Нервно потушив сигарету, я встала на мокрый камень.
– Хотелось бы знать, увидели ли они что-нибудь внизу? – прошептала я испуганным голосом, который мокрый ветер унес в никуда.
– Будем надеяться, что вы правы и они не позволили девчушке подниматься здесь. Возможно…
– Они? – Я быстро повернулась к нему. – Это ведь вы сообщили, что альпинистов было трое? Вы не ошиблись? Вы уверены?
– Ну да, – решительно ответил мягкий голос. – Их точно было трое.
– А третий… был мужчина или женщина?
– Понятия не имею. На расстоянии я не мог их разглядеть, а в нынешние времена, кажется, все женщины в горах носят штаны. Я ничего не мог различить, кроме того, что на среднем была красная куртка.
– Это наверняка была мисс Саймс.
И я вспомнила с болью в сердце, как красная ветровка оттеняла кукольное фарфоровое личико и черные волосы Роберты.
– Тогда ее будет легче найти, – сказал Дугал.
– На… наверное.
Теперь и второй альпинист скрылся из виду. Блеснула веревка – бледная карандашная линия, тянущаяся от нижнего выступа к верхнему. Иен быстро добрался до выступа и стал закреплять веревку. Он что-то крикнул, и рядом с ним появился Роналд Бигл. Они стали готовиться к последнему переходу до широкой площадки над осыпью у дальнего конца ущелья, с нее было уже легко спуститься.
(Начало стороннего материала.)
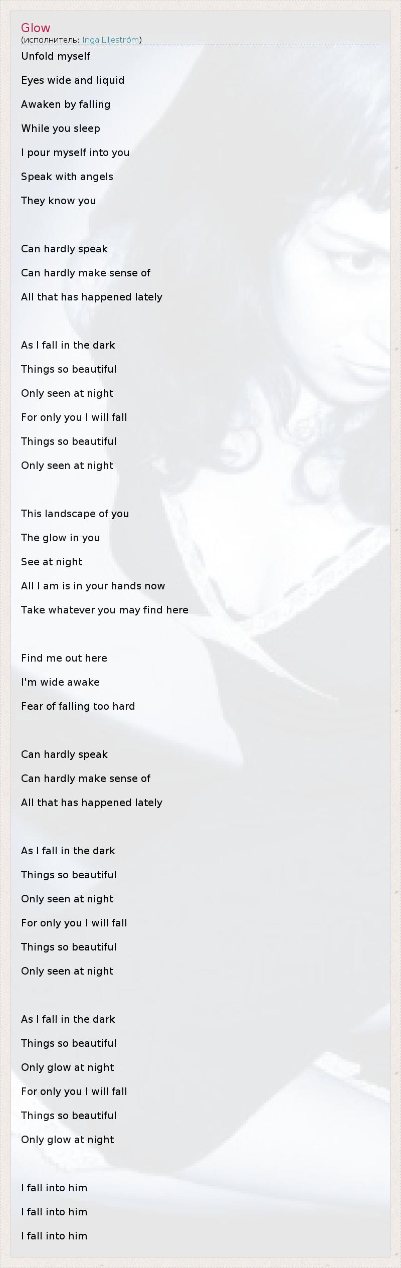 Unfold myself Eyes wide and liquid Awaken by falling While you sleep I pour myself into you Speak with angels They know you Can hardly speak Can hardly make sense of All that has happened lately As I fall in the dark Things so beautiful Only seen at night For only you I will fall Things so beautiful Only seen at night This landscape of you The glow in you See at night All I am is in your hands now Take whatever you may find here Find me out here I'm wide awake Fear of falling too hard Can hardly speak Can hardly make sense of All that has happened lately As I fall in the dark Things so beautiful Only seen at night For only you I will fall Things so beautiful Only seen at night As I fall in the dark Things so beautiful Only glow at night For only you I will fall Things so beautiful Only glow at night I fall into him I fall into him I fall into him

Через несколько минут все трое собрались вместе и, по-видимому, стали совещаться. Люди на нашем краю ущелья – Альма Корриган, Дугал Макри, я и кучка мужчин – следили за ними. Стояла мертвая тишина. Дурные предчувствия охватили всех нас. Я сидела, забыв о тлеющей в мокрых пальцах сигарете, навострив уши и вытаращив глаза в тщетном стремлении понять, о чем говорят и спорят альпинисты.
Дугал вдруг произнес:
– Наверное, они что-то увидели в овраге.
– Нет, – ответила я, и снова мои слова прозвучали глупо, словно этим «нет» я была в состоянии уйти от правды как можно дальше.
– Родри Макдауэлл куда-то указывает. Наверное, он что-то заметил.
Мигая из-за мокрого ветра, я увидела, что один из них действительно указывает на ущелье. Все трое освободились от веревки и стали быстро спускаться вниз по осыпи к дальнему краю ущелья. Они действовали настолько целеустремленно, что стало понятно: Дугал сказал печальную правду.
Альма Корриган резко отвернулась от группки, с которой она стояла, и большими шагами пошла к нам.
– Они внизу, – без обиняков заявила она.
Я уставилась на нее, не в состоянии произнести ни слова, и встала, задыхаясь. Хозяин гостиницы Билл Персимон быстро произнес:
– Точно неизвестно, но, кажется, они что-то там заметили.
– Значит, и вам теперь придется спускаться в ущелье, – заключил Дугал Макри.
– Вероятно. – И Билл Персимон перевел взгляд на альпинистов.
Позади нас раздался шорох скользящих по мокрому вереску ботинок. По склону спускался Николас, за ним следовал Родерик. Щурясь от дождя, Николас сосредоточил свой взгляд на Бигле, который приближался к нам с противоположного края ущелья.
– Очередь за остальными, – резко сказал Николас. – Если они внизу, я спущусь туда. А ты, Билл?
– Наверное, – начал майор Персимон, – нам следует…
– Они что-нибудь увидели внизу? – прервал его обеспокоенный голос Родерика. – Мы вернулись, потому что нам показалось… мы подумали…
Увидев выражение моего лица, он запнулся, потом быстро подошел ко мне, ободряюще улыбаясь.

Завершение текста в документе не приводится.